Bij zijn terugkeer uit Brazilië dook Eddington in het werk van de wiskundige Bertrand Russell. Een van Russells observaties, voor het eerst ontwikkeld in de jaren twintig en verder ontwikkeld in de jaren vijftig, was deze: ‘Het enige dat de natuurkunde ons leert zijn bepaalde vergelijkingen die abstracte eigenschappen van hun veranderingen geven. Maar over wat het is dat verandert, en waar het van en naar verandert – hierover zwijgt de natuurkunde.” Met andere woorden: hoewel de natuurwetenschap ons een vrijwel volledig verslag lijkt te geven van de aard van de materie – waar alles van is gemaakt – geeft ze in werkelijkheid alleen een beschrijving van wiskundige structuren: het ‘causale skelet’ van de werkelijkheid. Deze beschrijvingen zijn ongelooflijk waardevol en hebben geleid tot veel van de grootste wetenschappelijke prestaties van de mensheid, omdat ze kunnen worden gebruikt om te voorspellen hoe materie zich zal gedragen. Maar zoals Goff tegen mij zei: ‘De natuurkunde vertelt ons alleen wat dingen doen, niet wat dingen zijn. Het vertelt ons niet de onderliggende aard van het spul dat zich op deze manier gedraagt.”
Denk eens aan deze grove analyse van water. Wat is water? Water is een kleurloze, transparante, geurloze chemische substantie die onze oceanen, meren, rivieren en lichamen vult. Maar waaruit bestaat het? Het is samengesteld uit triljoenen en triljoenen kleine watermoleculen. Waaruit bestaan ze? Welnu, elk molecuul bevat drie atomen: twee waterstof en één zuurstof. En waar zijn waterstof en zuurstof van gemaakt? Subatomaire deeltjes zoals neutronen en elektronen. Waar bestaat een elektron uit? Een elektron heeft massa en lading. En wat zijn massa en lading? Het zijn eigenschappen van het elektron. Maar wat is het elektron?

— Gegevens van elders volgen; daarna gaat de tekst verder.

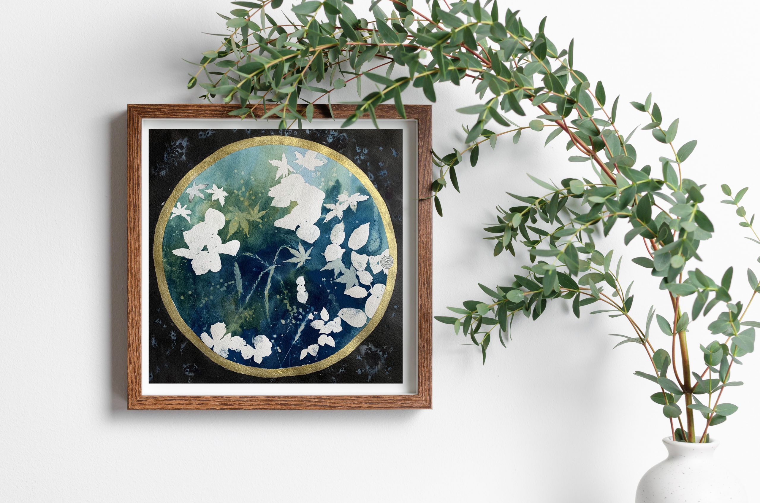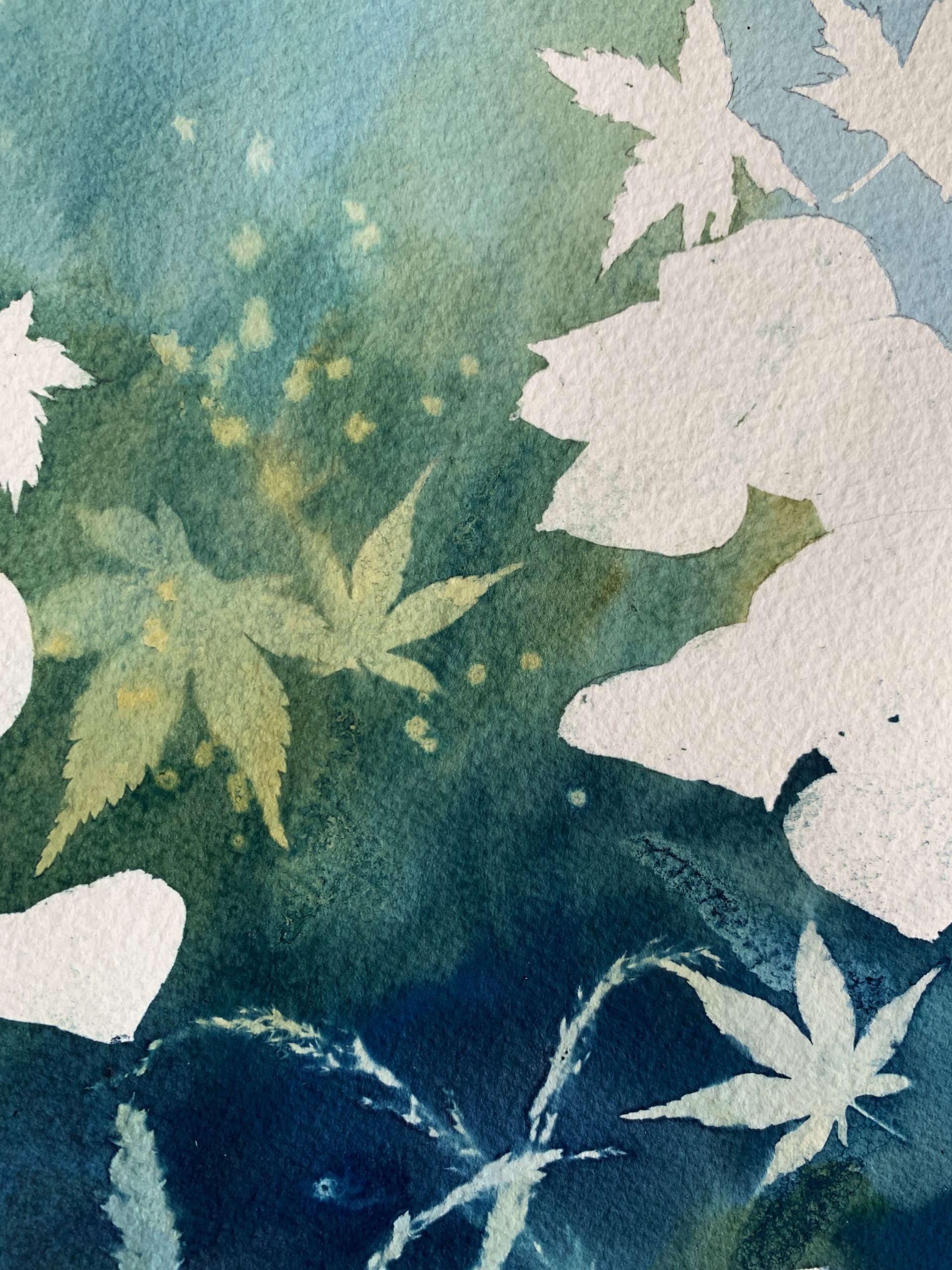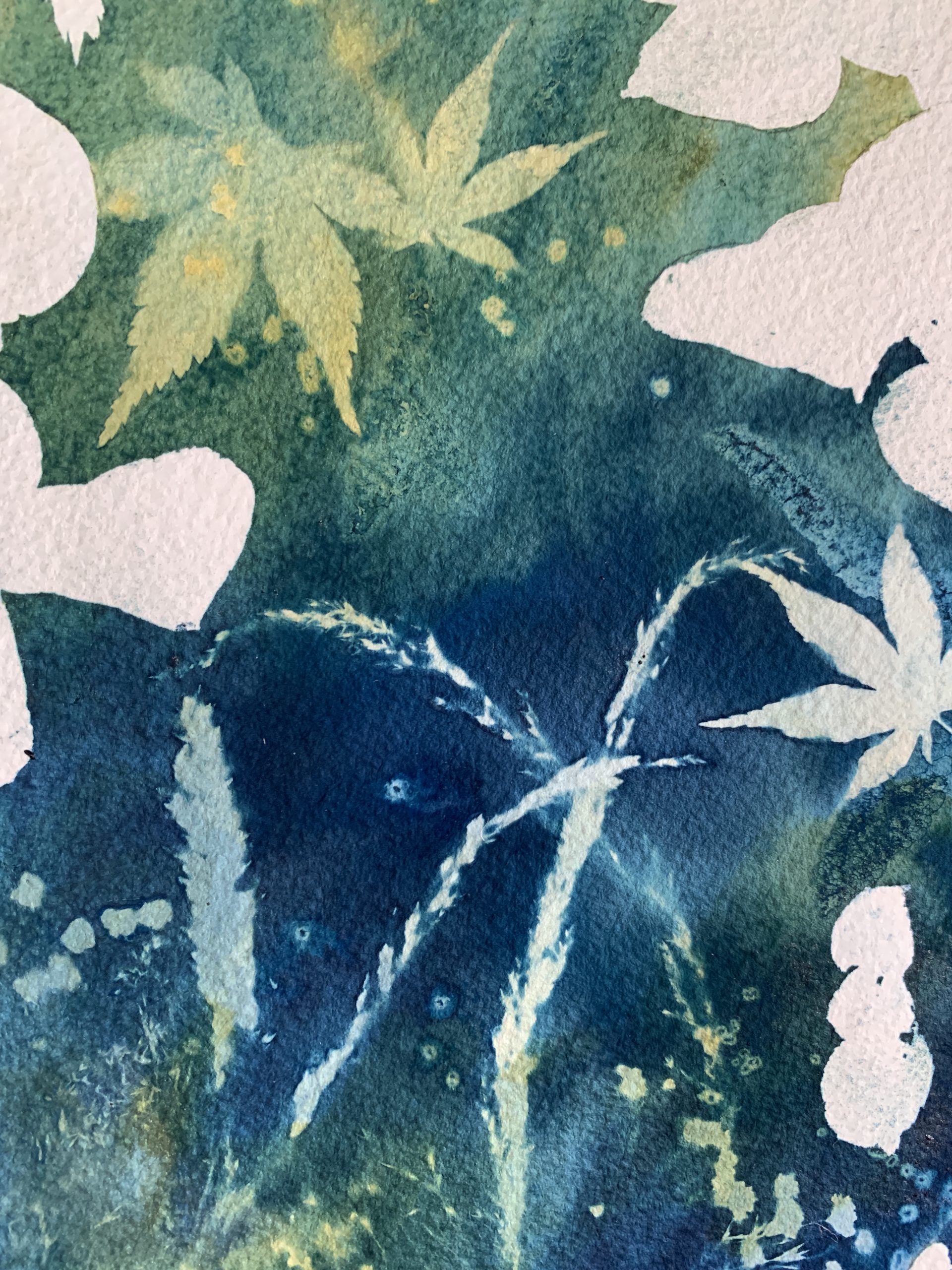 Lorsque le soleil est à son apogée, il m’arrive de délaisser un peu mes pinceaux pour créer des compositions à partir de cette technique magique, imprévisible et qui invite à la rêverie. J’utilise le cyanotype parfois seul ou parfois mélangé à de l’aquarelle ou de la gouache.
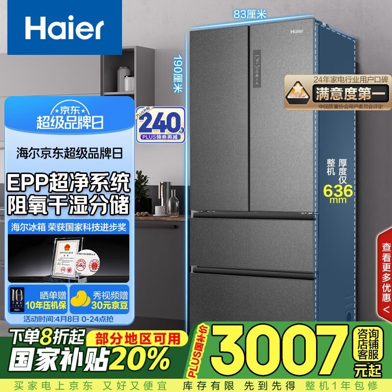 海尔510L多门冰箱BCD-510WGHFD59S9U1风冷变频京东特惠
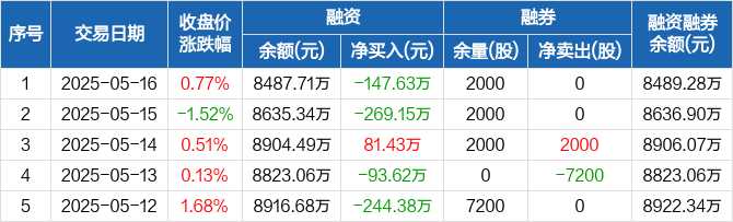 融资方面,当日融资买入368.47万元,融资偿还516.1万元,融资净偿还147.63万元。融券方面,融券卖出0股,融券偿还0股,融券余量2000股,融券余额1.57万元。融资融券余额合计8489.28万元。
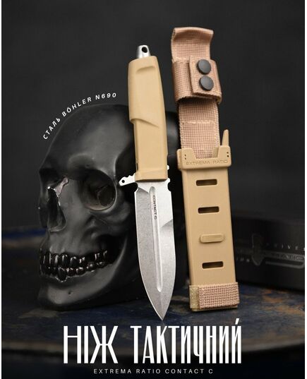 Компактна версія тактичного ножа Extrema Ratio Contact C має клинок виконаний із сталі Böhler N690. Модель має універсальні експлуатаційні характеристики та стійкість до екстремальних навантажень. Рукоятка тактичного ножа Contact виготовлена з термопластичного матеріалу Forprene. Вага 273 р. Extrema Ratio Contact оснащений зносостійкими нейлоновими піхвами, сумісними з M.O.L.L.E. системами.
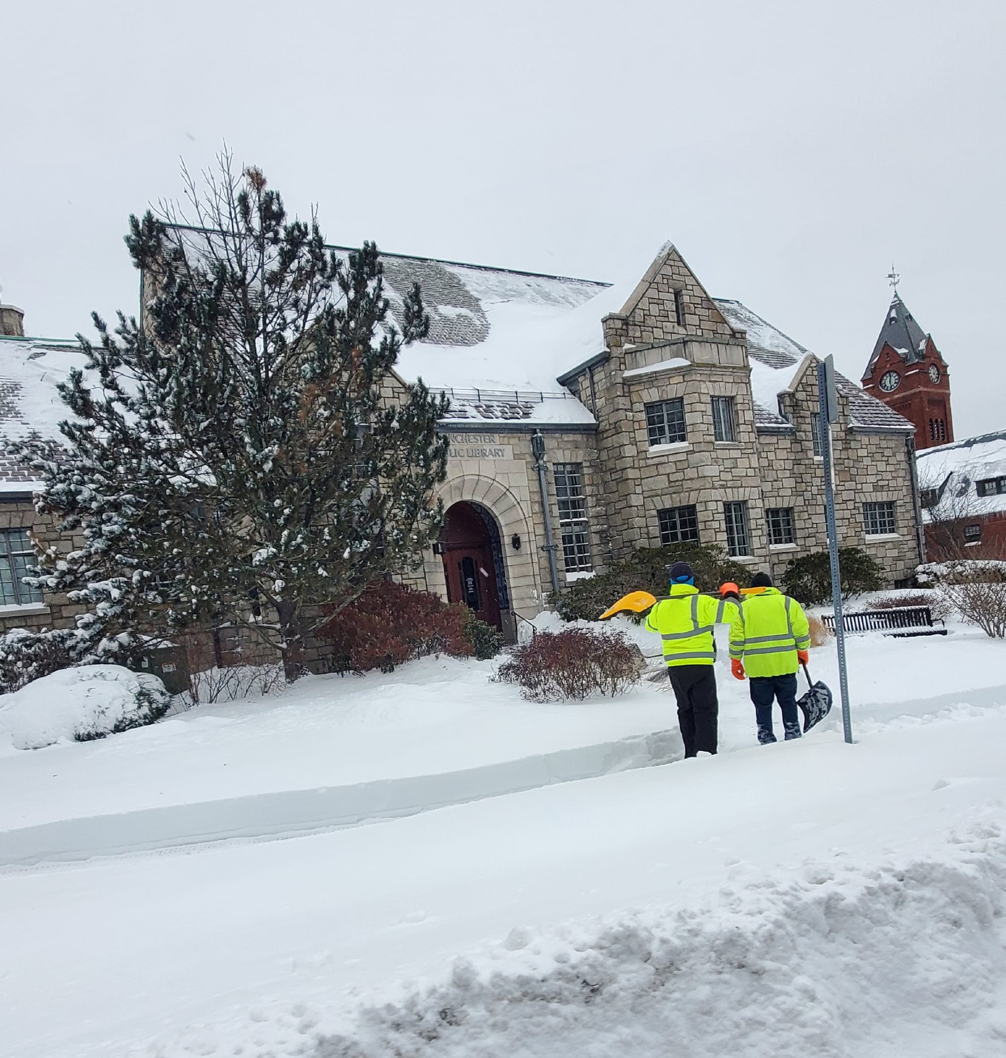 Flurries were still falling Monday afternoon as Winchester residents dug out. Many stores in downtown were closed, as was Town Hall and Winchester Public Schools.

‘Toen ik een jonge natuurkundestudent was’, schreef astrofysicus Adam Frank in een essay uit 2017, ‘vroeg ik eens aan een professor: ‘Wat is een elektron?’ Zijn antwoord verbaasde me. ‘Een elektron’, zei hij, ‘is datgene waaraan we de eigenschappen van het elektron toeschrijven.’ Die vage, cirkelvormige reactie stond ver verwijderd van de droom die mij de natuurkunde in dreef, een droom van theorieën die de werkelijkheid perfect beschreven.’ Op een vreemde en ingewikkelde manier is er een gevoel waarin we niet echt weten wat water is. We weten niet echt wat iets is. Zoals Stephen Hawking schreef in ‘A Brief History of Time’: ‘Zelfs als er maar één mogelijke verenigde theorie is, is het slechts een reeks regels en vergelijkingen. Wat is het dat vuur in de vergelijkingen blaast en een universum schept dat ze kunnen beschrijven?”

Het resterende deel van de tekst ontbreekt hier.